The UN-sponsored youth forum is a great way to telegraph these concerns to a wider audience while drawing in young people, said Kiyo Akasaka, UN’s under secretary general for communications and public information.

“Here in Incheon, young university students gather to discuss the issue [of global warming], and this encourages people to become more interested in the works of the UN,” Akasaka said.

“We need stronger support from the widest possible range of people, including young leaders.”

The conference, arranged by the UN, has attracted more than 640 college students from 61 countries, the biggest attendance for the annual event that was launched in 2009. The first edition in Geneva dealt with the Millennium Development Goals, and the second in Kuala Lumpur focused on cultural understanding.

Global leaders still have an opportunity to agree on the contested Kyoto Protocol before next year. They will meet in December at the 17th Conference of the Parties (COP) under the United Nations Framework Convention on Climate Change in Durban, South Africa. Another meeting, Rio+20, is scheduled to be held in the Brazilian city in June. But the world has yet to agree on how they should reduce their respective carbon footprints by mandate, thus lowering the chances of a substantial deal being made anytime soon.

Many of the students at this week’s mock conference proposed solutions to problems like these, with Tatiana Makarova, who was impersonating the UN secretary general, arguing that the event could raise awareness of useful ideas ahead of the Rio+20.

The students continued their debates in plenary and subcommittee sessions on Wednesday, with the results to be published today, along with those from their General Assembly sessions. A resolution is expected to be adopted on Sunday.

Akasaka, who was tasked with representing a member of the Japanese government, said it would be difficult for the students to come up with workable solutions.

Lee Dong-yeop, a sophomore at Seoul’s Kyung Hee University, assumed the presidency of the GMUN General Assembly. He said the global-warming debates may be fun and games now, but they could have positive ramifications further down the road if the students become global leaders and start to engage with the topic.

UN Secretary General Ban Ki-moon, who attended the event yesterday, said that if students took anything from the week’s program, it should be that joining hands to tackle major problems can bear much richer fruit than going it alone.

“Your experience in this conference will give you a full taste of the complexity of international relations, the intricacies of negotiating among diverse peoples and perspectives, the challenges of achieving consensus and the patience required to win progress,” Ban told the audience earlier in a keynote speech during the opening ceremony.

“I am sure you have all heard the saying, ‘United we stand, divided we fall.’ We must unite to overcome climate change, and create a greener, more sustainable world for all.”

The conference, the only one of its kind organized by the UN, has attempted to squeeze a year of UN sessions into the time frame of a single working week.

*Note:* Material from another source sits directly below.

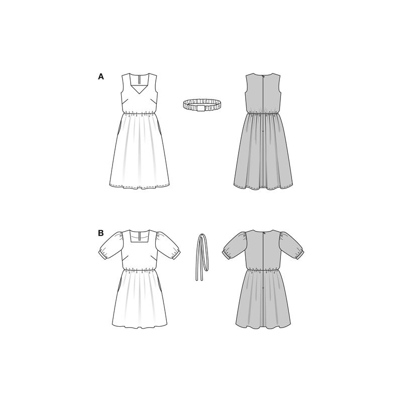 Modell A är en ärmlös klänning med fyrkantig halsringning och bred midjekant. Sy den i ett tyg med lite kropp för en strukturerad silhuett. Modell B har puffärmar, fyrkantig halsringning och en rosett i midjan. Längden kan enkelt justeras. Båda ger ett feminint och genomtänkt resultat.
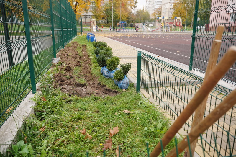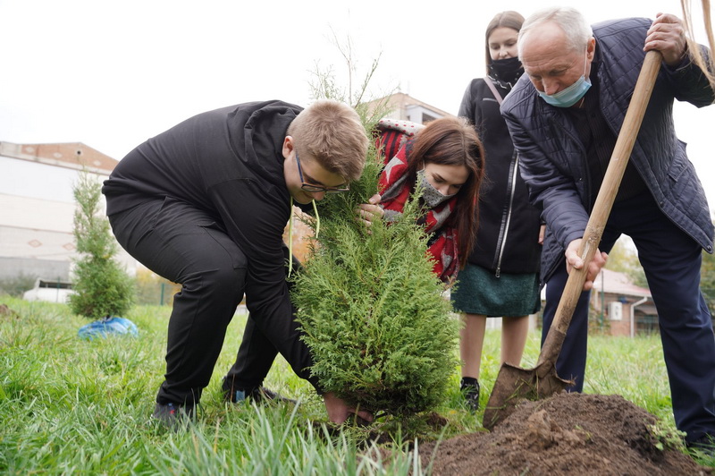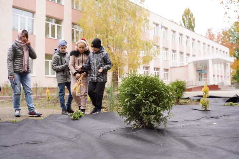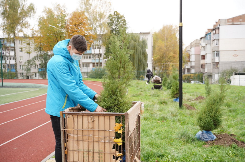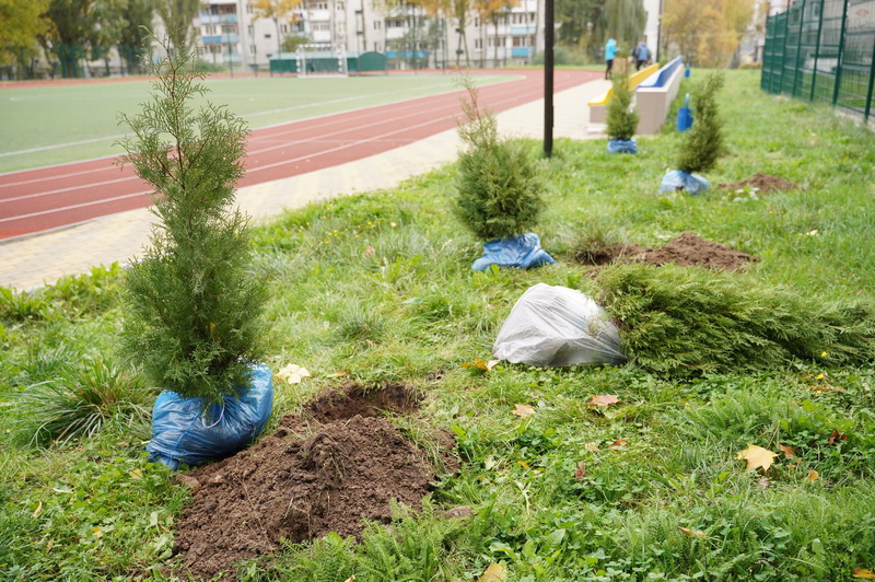 У школі №18 діти та вчителі висаджували туї, кущі самшиту та ялинки.

While this may be unrealistic, the atmosphere and decision-making process closely mimic that of real UN sessions, according to Maher Nasser, director of the UN’s Outreach Division Department of Public Information.

He said this would differentiate the event from the thousands of mock UN conferences held around the world that the UN does not have a hand in. It would also help students get a better feel for the inner mechanism of the world body, he added.

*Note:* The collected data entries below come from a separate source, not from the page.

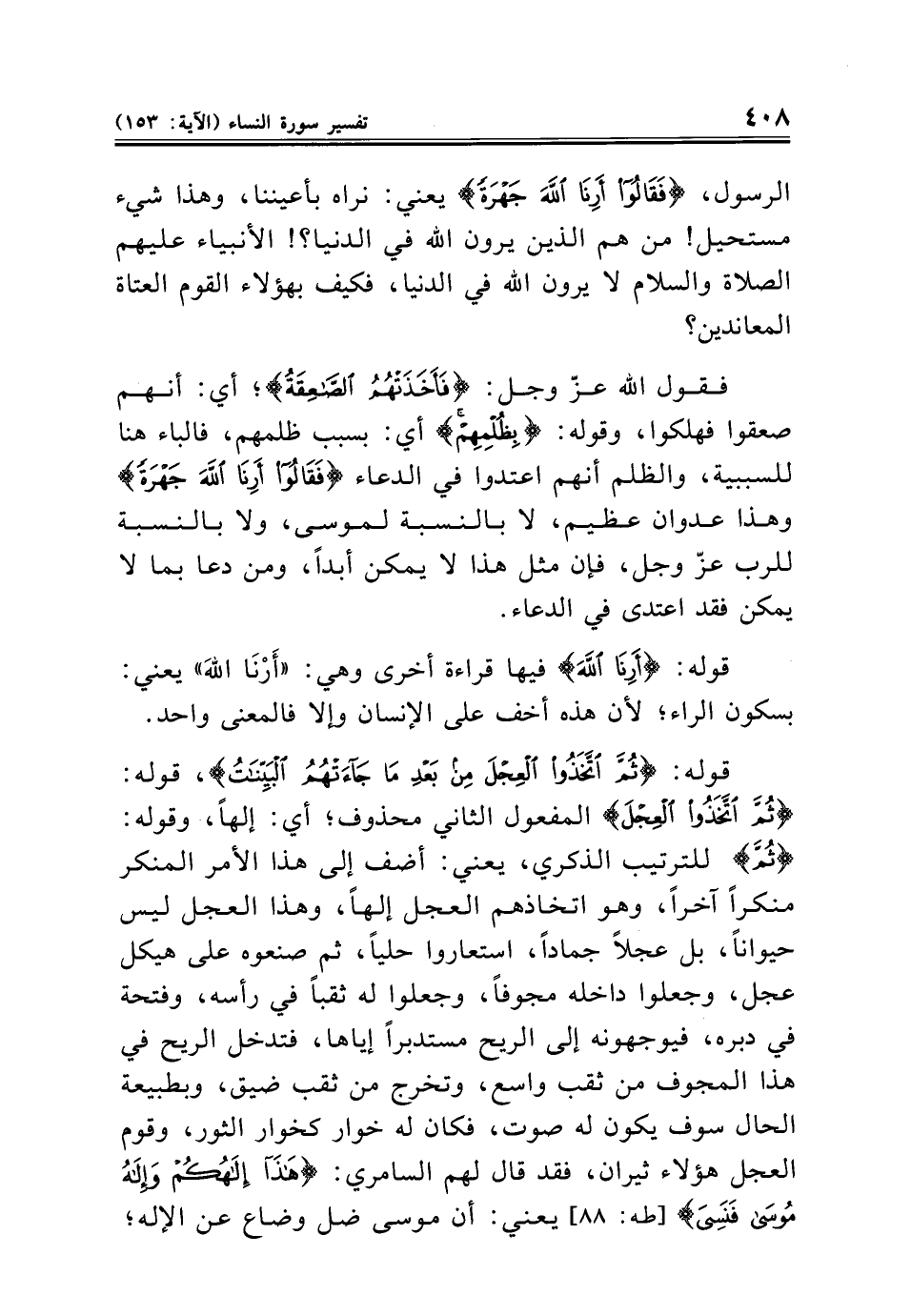 الرسول، {فَقَالُوا أَرِنَا اللَّهَ جَهْرَةً} يعني: نراه بأعيننا، وهذا شيء مستحيل! من هم الذين يرون الله في الدنيا؟ ! الأنبياء عليهم الصلاة والسلام لا يرون الله في الدنيا، فكيف بهؤلاء القوم العتاة المعاندين؟
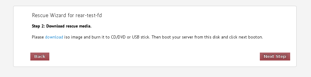 System checks access to storage device where the data from the selected restore point was stored. If ssh key is installed, it proceeds, If no SSH key was installed, it requests ssh credentials. Download link for rescue image is then provided:
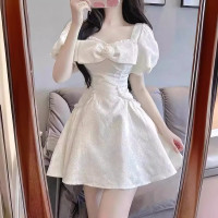 فستان أنيق على الطراز الفرنسي بأكمام منفوخة للنساء ، فستان قصير صيفي راقي ، تركيب الخصر ، تنورة تشبه الجنية ، أبيض

Korea is celebrating the 20th anniversary of its UN membership, and critics say it should contribute more in relation to its rising global status.

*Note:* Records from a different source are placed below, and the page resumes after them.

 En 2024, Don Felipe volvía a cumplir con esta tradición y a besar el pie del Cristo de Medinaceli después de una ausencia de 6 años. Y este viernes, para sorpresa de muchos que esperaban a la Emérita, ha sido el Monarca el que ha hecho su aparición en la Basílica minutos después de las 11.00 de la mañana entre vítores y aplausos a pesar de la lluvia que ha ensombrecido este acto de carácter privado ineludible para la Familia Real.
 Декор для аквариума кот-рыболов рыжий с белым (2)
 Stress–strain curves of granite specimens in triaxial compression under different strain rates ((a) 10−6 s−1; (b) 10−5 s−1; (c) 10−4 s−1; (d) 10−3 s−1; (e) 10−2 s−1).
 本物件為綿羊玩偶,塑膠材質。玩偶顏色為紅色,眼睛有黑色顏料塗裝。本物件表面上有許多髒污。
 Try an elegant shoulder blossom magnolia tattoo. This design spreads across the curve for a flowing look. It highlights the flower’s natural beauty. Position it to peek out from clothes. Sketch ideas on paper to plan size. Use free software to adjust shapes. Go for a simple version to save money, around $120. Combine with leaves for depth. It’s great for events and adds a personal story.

Incheon, a gateway to the country, has grown to be a major UN cluster with nine UN organizations settled in the city, including UNAPCICT and the Northeast Asian office of UN ESCAP. Another UN organization, the Asian Pacific center of UN CITRAL, is to open there in December. Incheon Mayor Song Young-gil said his city will become a permanent global town, where students from all over the world can interact with each other. He relayed the commitment of several foreign colleges to open campuses in Songdo, a new town where the GMUN is being held, from next year.